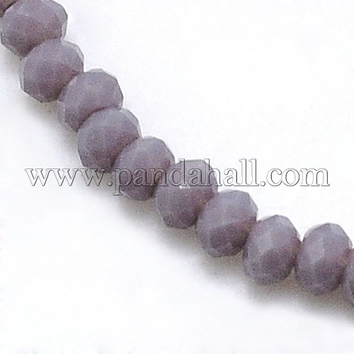 Opaque Solid Color Crystal Glass Rondelle Beads Strands, Faceted, MediumPurpleSize: about 3mm in diameter, 2mm thick, hole: 1mm, about 138pcs/strand, 12.9″.These glass beads may give you a feeling of elegant and exquisite. They can be used many ways – such as jewelry, strung in your window, and also are ideal for necklaces, bracelets and so on.
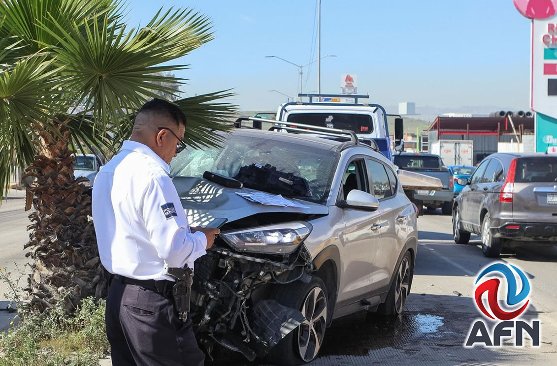 TIJUANA BC 25 DE FEBRERO DE 2026 (AFN).- Un accidente vehicular se registró la mañana de este miércoles 25 de febrero sobre el bulevar Josefa Ortiz de Domínguez a la altura de la colonia Lomas Virreyes, donde una conductora perdió el control de su vehículo y terminó impactada contra una palmera del camellón central.
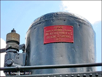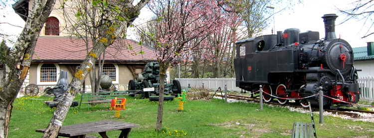 Einfahrt zum Bahnhof Canove. Eine "ortsfremde" Dampflok steht vor dem alten Gebäude unter freiem Himmel. Das Bahnhofsgebäude wurde zum Kriegsmuseum umfunktioniert.
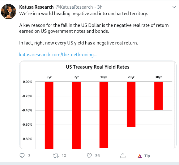 This means that the opportunity cost of holding precious metals has gone down drastically. Why pay to hold someone else’s liability, when you can hold a monetary metal that has been universally accepted for 5000 years?

::::

Exercise objective: Your reply should hold every line above exactly as written and none of the pictures.

Solution below:
 Opaque Solid Color Crystal Glass Rondelle Beads Strands, Faceted, MediumPurpleSize: about 3mm in diameter, 2mm thick, hole: 1mm, about 138pcs/strand, 12.9″.These glass beads may give you a feeling of elegant and exquisite. They can be used many ways – such as jewelry, strung in your window, and also are ideal for necklaces, bracelets and so on.
 TIJUANA BC 25 DE FEBRERO DE 2026 (AFN).- Un accidente vehicular se registró la mañana de este miércoles 25 de febrero sobre el bulevar Josefa Ortiz de Domínguez a la altura de la colonia Lomas Virreyes, donde una conductora perdió el control de su vehículo y terminó impactada contra una palmera del camellón central.
 Einfahrt zum Bahnhof Canove. Eine "ortsfremde" Dampflok steht vor dem alten Gebäude unter freiem Himmel. Das Bahnhofsgebäude wurde zum Kriegsmuseum umfunktioniert.
 This means that the opportunity cost of holding precious metals has gone down drastically. Why pay to hold someone else’s liability, when you can hold a monetary metal that has been universally accepted for 5000 years?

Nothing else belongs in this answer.